A worked example: edge cases for a returns-policy classifier
To ground the safe end, take a real, small task. A retailer's classifier decides whether a return request is within_policy, outside_policy, or needs_human. The real data is dominated by clean cases; the misclassifications cluster on edge cases the logs barely contain. This is fabrication's home turf, because you want the unusual case and the label is checkable by a human against a written policy.
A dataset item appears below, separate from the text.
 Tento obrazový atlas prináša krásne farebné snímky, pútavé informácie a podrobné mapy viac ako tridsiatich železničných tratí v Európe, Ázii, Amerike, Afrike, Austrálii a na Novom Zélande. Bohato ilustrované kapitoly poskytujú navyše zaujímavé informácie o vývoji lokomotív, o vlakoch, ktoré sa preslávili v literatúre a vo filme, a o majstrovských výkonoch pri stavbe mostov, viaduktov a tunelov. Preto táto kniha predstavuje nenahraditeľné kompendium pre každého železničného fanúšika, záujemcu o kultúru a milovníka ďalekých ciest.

Useful generated edges, each anchored to a real policy clause:
- "I bought this 31 days ago, your policy says 30, but it was a gift and I didn't open it until yesterday." →
needs_human(policy is silent on gifts; this is the genuine ambiguity). - "Returning a final-sale clearance item because it's defective." →
needs_human(final-sale vs. defective conflict, a real policy collision). - "I want to return it but I never received it." →
outside_policyfor returns, but actually a different intent (this tests whether the classifier confuses non-delivery with returns).
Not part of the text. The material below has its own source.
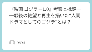 『映画 ゴジラ-1.0』考察と批評──戦後の絶望と再生を描いた“人間ドラマとしてのゴジラ”とは? 2023年に公開された『ゴジラ−1.0』は、ゴジラシリーズ生誕70周年を記念する作品でありながら、従来のシリーズとは一線を画すアプローチで大きな注目を集めました。本作は、戦後の日本を舞台に「絶望からの再生」というテーマを掲げ、単なる怪獣映画... 2025.10.02 Uncategorized
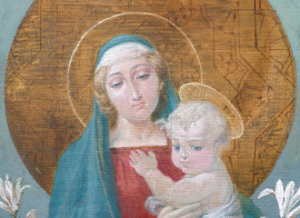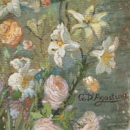 Madonna con Bambino, olio su tela, cm 115,5x70, firmato G.D'Agostino, (lievi difetti).

Each edge is generated to probe a named boundary in the policy, a human can verify the label against the written policy in seconds, and the cases are exactly the ones reality under-supplies. That is the recipe: bounded gap, cheap verification, anchored to a real artifact (the policy). The contrast with Chapter 1 is sharp, there, the generator was asked to manufacture the whole distribution; here, it is asked to manufacture named hard cases a human can check.
Chapter summary
Generation helps when verification is cheap and the gap is bounded, and hurts when it is asked to manufacture the very thing that needed verifying. Ordered by rising verification cost, the safe-to-dangerous spectrum runs from format variation and paraphrase (mechanical, anchored), through minority-class augmentation, edge cases, intent filling, synthetic conversations, and synthetic documents, to teacher distillation and, most dangerous, synthetic rationales. The safe patterns share a pipeline: real seed → bounded variants → exact and near-duplicate dedup → label verification → human review of novel-region survivors → keep, with everything dropped retained for audit. The famous successes (Self-Instruct, Alpaca, the Textbooks/Phi line) won not through raw generation but through aggressive filtering, curation, and a human or human-shaped anchor somewhere in the loop, in contrast to InstructGPT's direct human anchoring. Synthetic rationales are the seductive trap: fluency is uncorrelated with correctness but is treated as evidence of it, so train on a rationale only when the final answer is independently verifiable, check the number, run the tests, confirm the span, and verify the answer, not the prose. A returns-policy edge-case example shows the safe recipe concretely: generate named hard cases against a written policy a human can check in seconds.